Plot 2: feature-group sizes
---------------------------

This plot makes the feature composition readable at a glance.

What to look for:

- static, dynamic, and future groups should all be present when
  your workflow expects them,
- group-id columns should not silently disappear,
- a missing future group may explain later forecasting issues.

.. GENERATED FROM PYTHON SOURCE LINES 446-458

.. code-block:: Python


    fig, ax = plt.subplots(
        figsize=(7.0, 4.4),
        constrained_layout=True,
    )
    plot_manifest_feature_group_sizes(
        ax,
        manifest_record,
        title="Stage-1 feature groups",
    )
    _style_bar_panel(ax, color=MANIFEST_PALETTE["features"])


.. image-sg:: /auto_examples/inspection/images/sphx_glr_plot_manifest_overview_002.png
   :alt: Stage-1 feature groups
   :srcset: /auto_examples/inspection/images/sphx_glr_plot_manifest_overview_002.png
   :class: sphx-glr-single-img


.. GENERATED FROM PYTHON SOURCE LINES 459-470

Plot 3: holdout and sequence counts
-----------------------------------

This plot helps answer whether the split sizes look balanced enough
for the next workflow step.

What to look for:

- train counts should usually dominate,
- validation and test counts should not be accidentally tiny,
- sequence counts should not collapse to zero.

.. GENERATED FROM PYTHON SOURCE LINES 470-482

.. code-block:: Python


    fig, ax = plt.subplots(
        figsize=(8.0, 4.8),
        constrained_layout=True,
    )
    plot_manifest_holdout_counts(
        ax,
        manifest_record,
        title="Holdout and sequence counts",
    )
    _style_bar_panel(ax, color=MANIFEST_PALETTE["holdout"])


.. image-sg:: /auto_examples/inspection/images/sphx_glr_plot_manifest_overview_003.png
   :alt: Holdout and sequence counts
   :srcset: /auto_examples/inspection/images/sphx_glr_plot_manifest_overview_003.png
   :class: sphx-glr-single-img


.. GENERATED FROM PYTHON SOURCE LINES 483-497

Plot 4: coordinate ranges from scaling kwargs
---------------------------------------------

Even though the manifest is broader than the Stage-1 audit, it
still carries important scaling context.

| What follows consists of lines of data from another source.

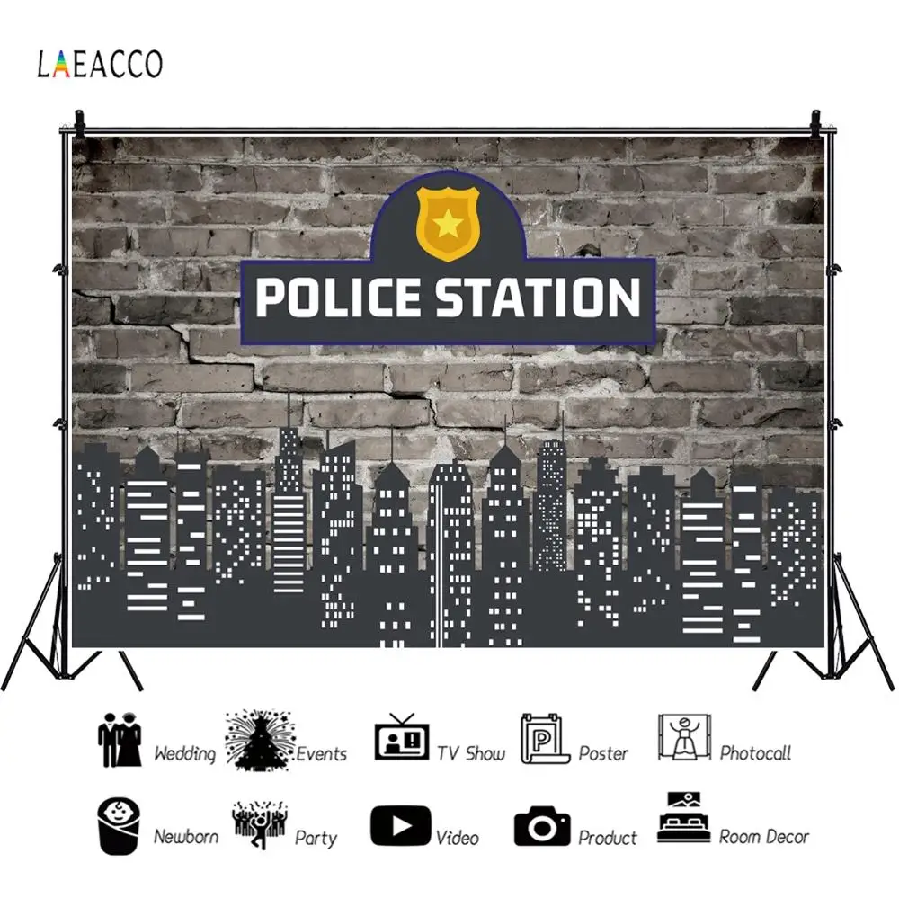 Laeacco кирпичная стена здание города полицейский участок тема Детские вечерние фото фон фотография задник фотостудия реквизит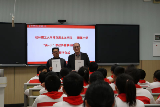 活动最后,太阳成集团122ccvip,太阳成集团122ccvip与附属小学签署了“高-小”思政共育联动机制协议,正式建立了课程思政一体化协作机制。此举将进一步推动大学与小学在课程开发、资源共享、教师培养等方面的深度合作,形成思政育人合力,共同培养担当民族复兴大任的时代新人。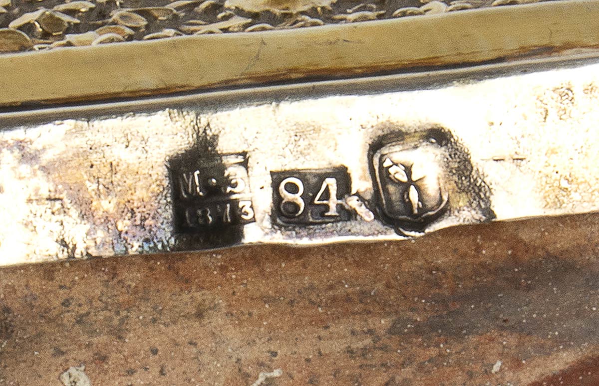 tempera su tavola con riza in argento dorato, raffigurante "Madonna del Deesis". Serie completa di marchi per l'argento al titolo di 84 zolotniks (875/1000) in uso a Saratov nel 1873, assaggiatore Zahrov M. (Rif. Postnikova-Loseva p. 243 nr 3403). Dimensioni 27,2 x 2,8 cm, altezza 31 cm. Peso 1480 gr. Stato di conservazione: **** buono (piccola mancanca nella parte superiore).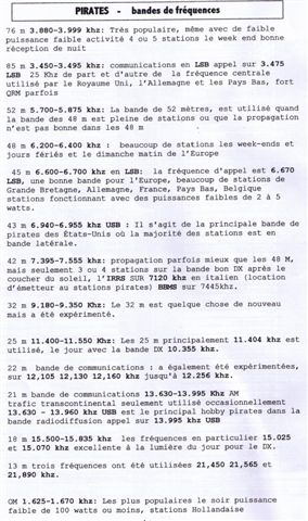 Pirates: les bandes fréquentées; si vous voulez faire joujou le dimanche matin, vous serez récompensés par une QSL inhabituelle. Cliquer ici pour avoir les frequences PIRATES

These ranges remind the
user that the manifest also preserves downstream conventions, not
only file paths.

What to look for:

- ranges should be positive,
- values should be plausible for the dataset extent,
- the presence of this block confirms that scaling metadata was
  exported into the Stage-1 handshake.

.. GENERATED FROM PYTHON SOURCE LINES 497-509

.. code-block:: Python


    fig, ax = plt.subplots(
        figsize=(7.2, 4.4),
        constrained_layout=True,
    )
    plot_manifest_coord_ranges(
        ax,
        manifest_record,
        title="Scaling coordinate ranges",
    )
    _style_bar_panel(ax, color=MANIFEST_PALETTE["coords"])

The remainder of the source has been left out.